“Will you set the table when you’re finished there? With the good china?”
“Couldn’t Ellie do it? And I could at least stake out the first half dozen rows—”
“—Alice—”
She can’t exactly slam down the good china plates, though she would like to drop them in a big heap. Her mother pokes her head in the door.
“Not that tablecloth.”
“Why not?”
“The other white one.”
“What difference does it make? They’re both white.”
“Thanks, honey. And cloth napkins, please. Can you fold them?”
This is like torture, Alice thinks. Drip, drip, drip. All day long. And there goes the sun, a tiny sliver managing to peek out from the rain clouds, there goes the sun disappearing from the sky. Along with Alice’s plans. This is not how today was supposed to go. Dad would not have let this day get away from him, no matter what Angie had planned. He would have known how to work around her or ignore her or tease her into going along with him. Grown-ups have more options in that department, Alice thinks. She would like to just say no to her mother; in fact, she has been trying to do that all day.
“Mom!” she shouts. “I need to plant the garden!”
“That’s just going to have to wait for another day, Alice. How many times—?”
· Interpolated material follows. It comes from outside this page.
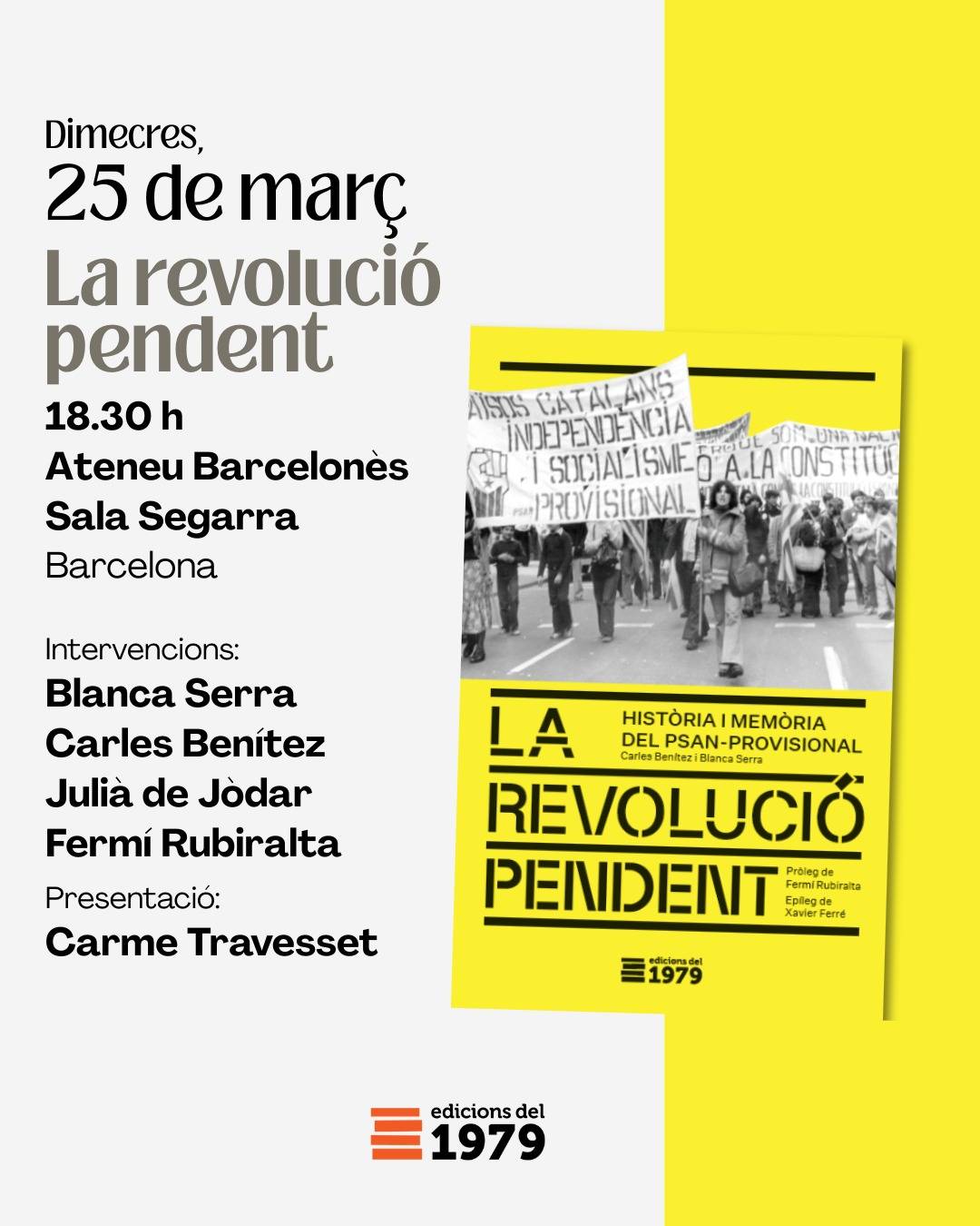 L’Ateneu Barcelonès acollirà aquest dimecres 25 de març, a les 18.30 h, la presentació del llibre La revolució pendent. Història i memòria del PSAN-Provisional, una obra que recupera, des d’una mirada militant, l’experiència del PSAN-P (1974–1978) i la situa en els darrers anys del franquisme i els primers del postfranquisme.

“—How many times do I have to tell you this is the day! Today, Mom! Not yesterday! Not tomorrow! Today!”
“I don’t understand what the big deal is.”
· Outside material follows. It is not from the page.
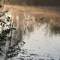 Aus der hinteren Ecke unseres Sees hat sich eine Gruppe von zehn Schwänen gelöst, die dort übernachtet haben, und gleitet still und leise über den See. Aus dem Nebel in die Sonne. Wir sind schon früh draußen, das Gras ist noch nass, und nur weit hinten schüttelt ein nächtlicher Angler sein Zelt aus.

“You’re not listening to me. This is the day. Same day. Every year. Tradition. Me and Dad. Tradition.”
“I don’t see what difference one day more or less makes.”
“Mom!”
Alice is so frustrated she is almost crying, which she has vowed never to do in front of her mother ever again.
“Alice, you’re just going to have to give in on this one. Can you finish setting the table, please?”
“Why can’t Ellie help you? Why can’t—?”
“—Alice!
”
Uncle Eddie appears, having let himself in the backdoor.
“Would you just lay off the poor kid?”
“Stay out of it, Eddie.”
“I’m just saying—”
“What do you know about raising kids?”
“I thought you were talking about the garden.”
“What sacrifices have you ever had to make?”
“Is this a contest? You win, Angie. You’ve made more sacrifices than I have. What does that have to do with anything?”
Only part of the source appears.